Waiting around Beirut with bags packed and fingers crossed, U.S. citizens derided the embassy for busy phone lines, a lack of information and gnawing uncertainty over when and whether they will get out. Hundreds were expected to be shipped to Cyprus today, but how long the full evacuation will take remains uncertain.

“I had heard it might take a week, two weeks. You hear so many things,” said Pamela Pattie, a 65-year-old professor. “Why in the world aren’t we getting it together?”

The frustration has been intensified by news that other countries have already pulled many of their citizens out of Lebanon, efficiently and free of cost. A ferry chartered by the French government carried about 800 of its citizens and several dozen Americans to Cyprus on Monday. The U.S. military evacuated about 60 Americans by helicopter Sunday and Monday.

Other nations have packed people into rented tour buses and driven them over the mountains to Syria. The U.S. State Department has warned Americans against traveling to Syria.

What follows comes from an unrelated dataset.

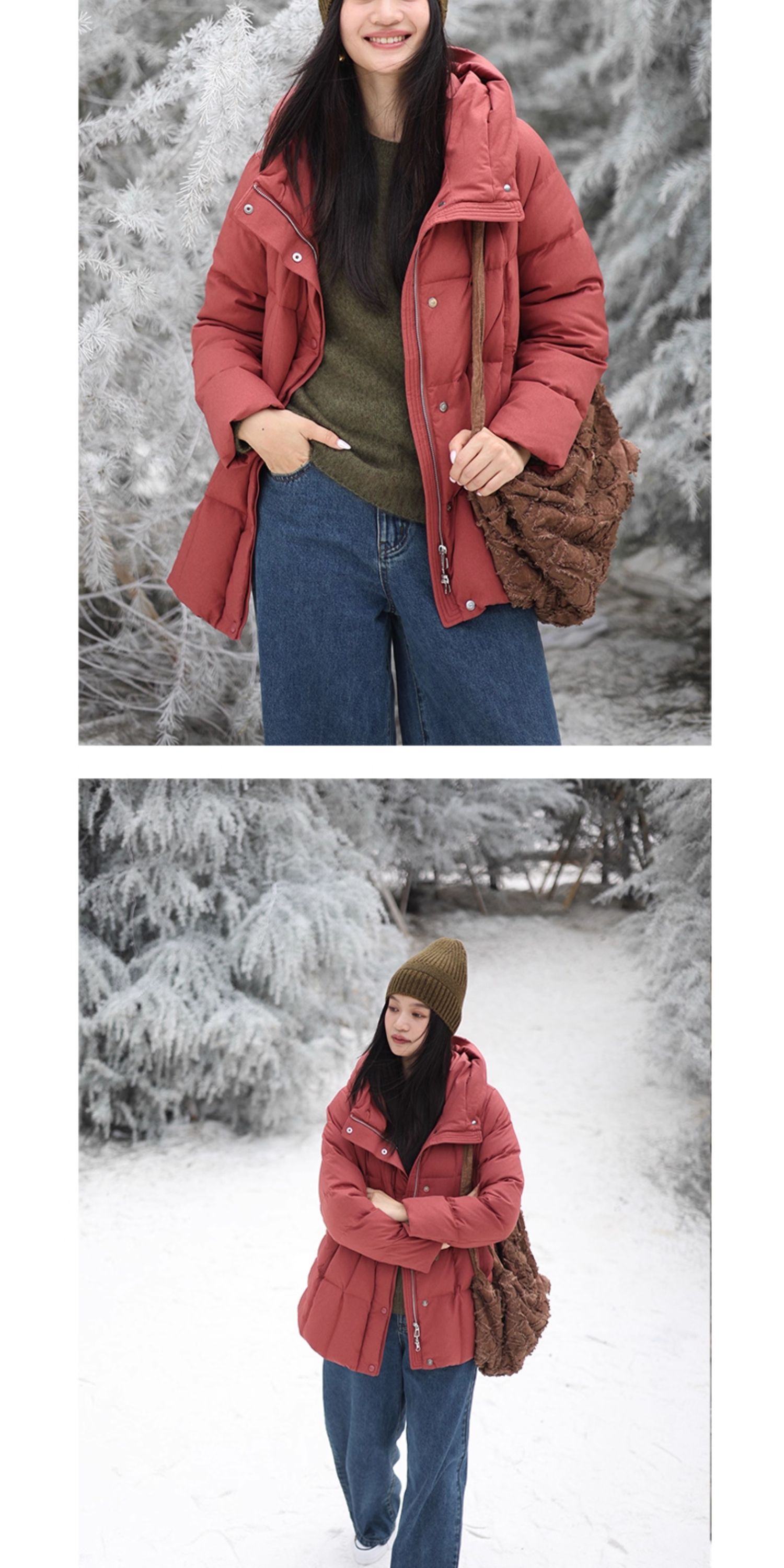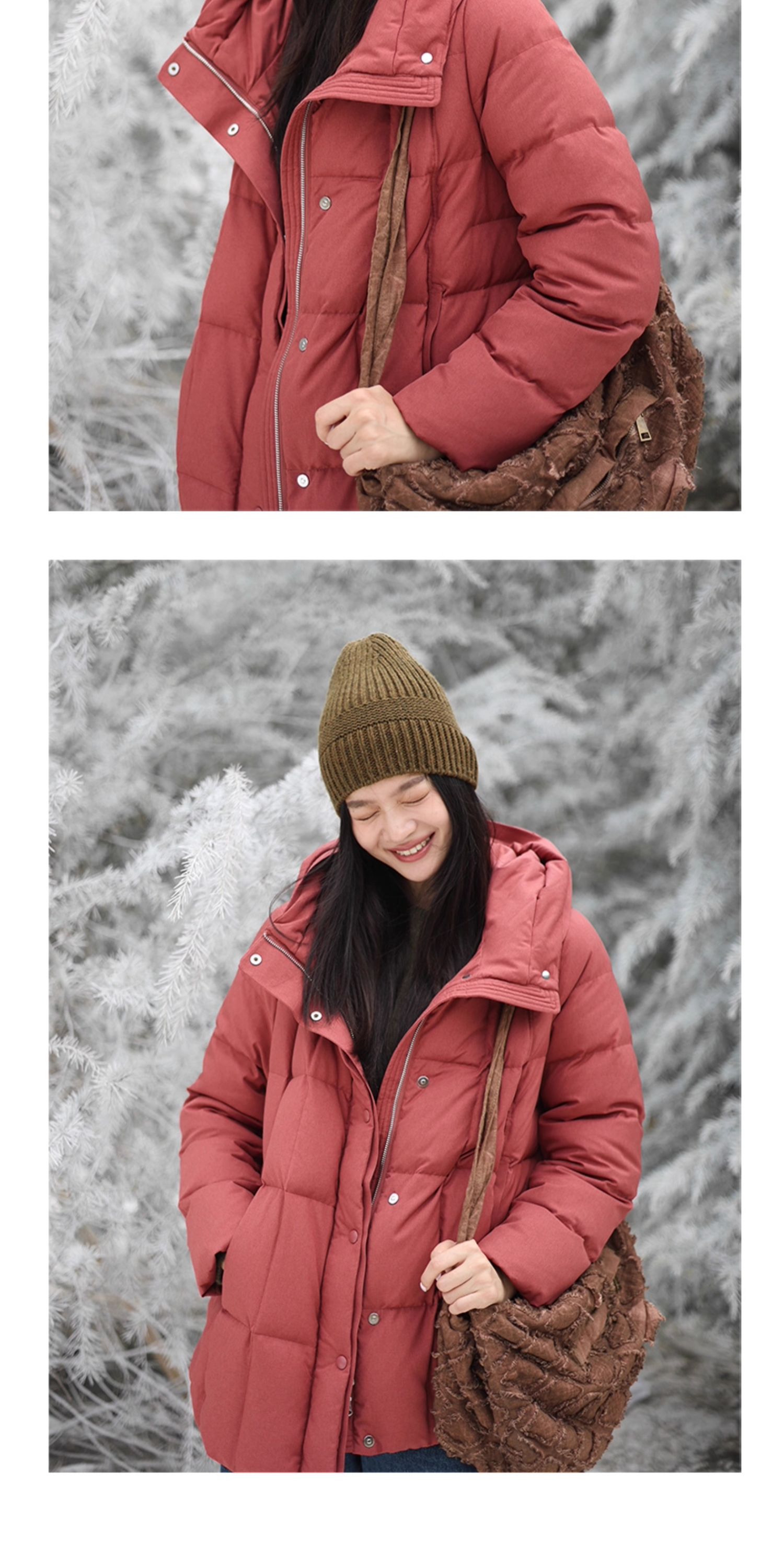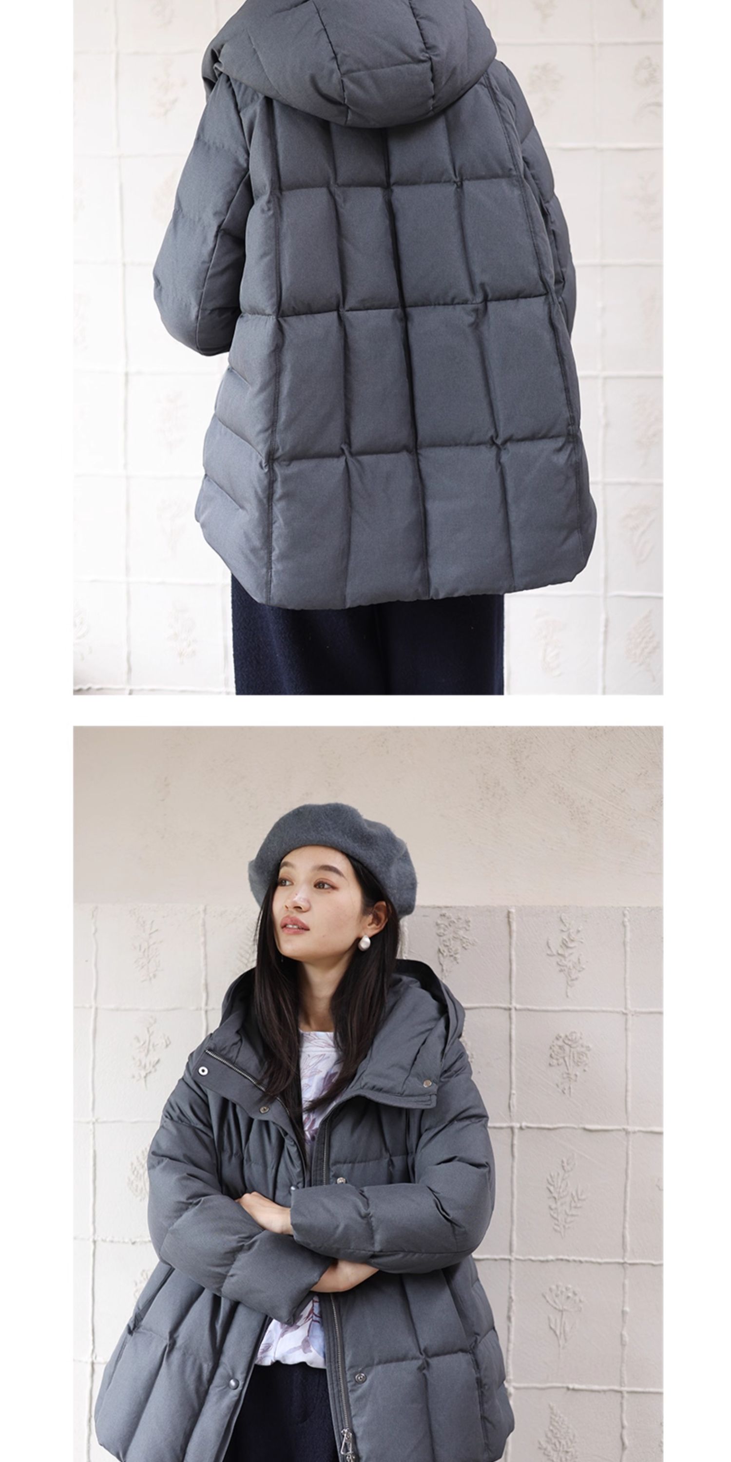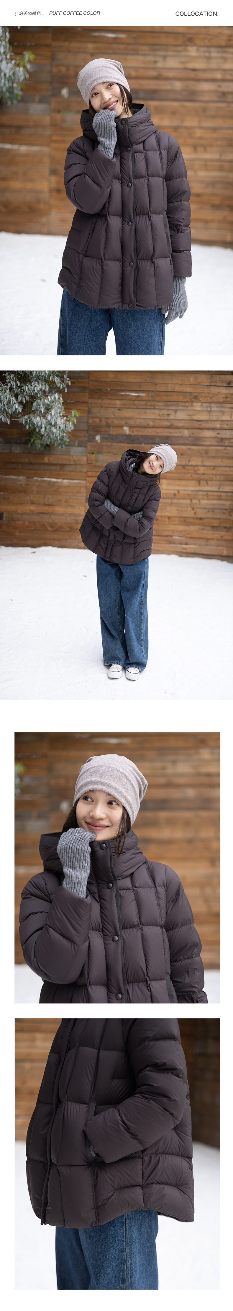 特绽放758朵/安全感羽绒服·90白鸭绒廓形一手长连帽中长款羽绒服
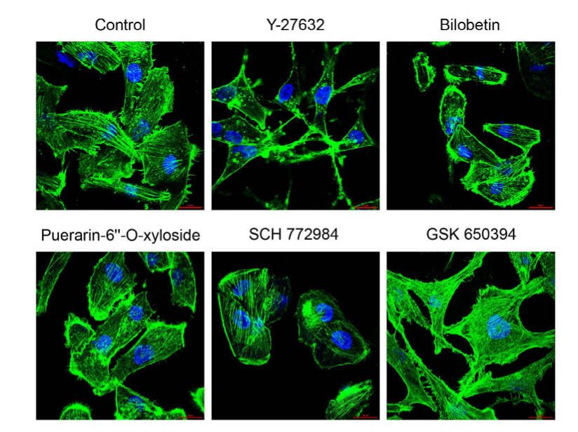 图2. 4个抑制剂对肿瘤细胞骨架的抑制活性

The main U.S. evacuation plan involves a Pentagon-contracted cruise ship, the Orient Queen, due to arrive in Lebanon today to ferry people to Cyprus. The ship can carry about 750 passengers for the five-hour trip. Defense Department officials said other private ships were likely to be hired as well.

Americans have been told to wait for a telephone call that could come in hours — or days. They’ve also been told they can’t board a ship unless they’ve signed a contract agreeing to repay the U.S. government for the price of their evacuation.

The rules have angered Americans who are already fatigued and nervous after days of explosions. “I’m freaked out that our government is treating us this way,” snapped a Rutgers University student who had been studying Arabic at the American University of Beirut. She declined to give her name for fear she would be taken off the passenger list in retribution for criticizing the evacuation effort.

“Are we a Third World country or what?” she said.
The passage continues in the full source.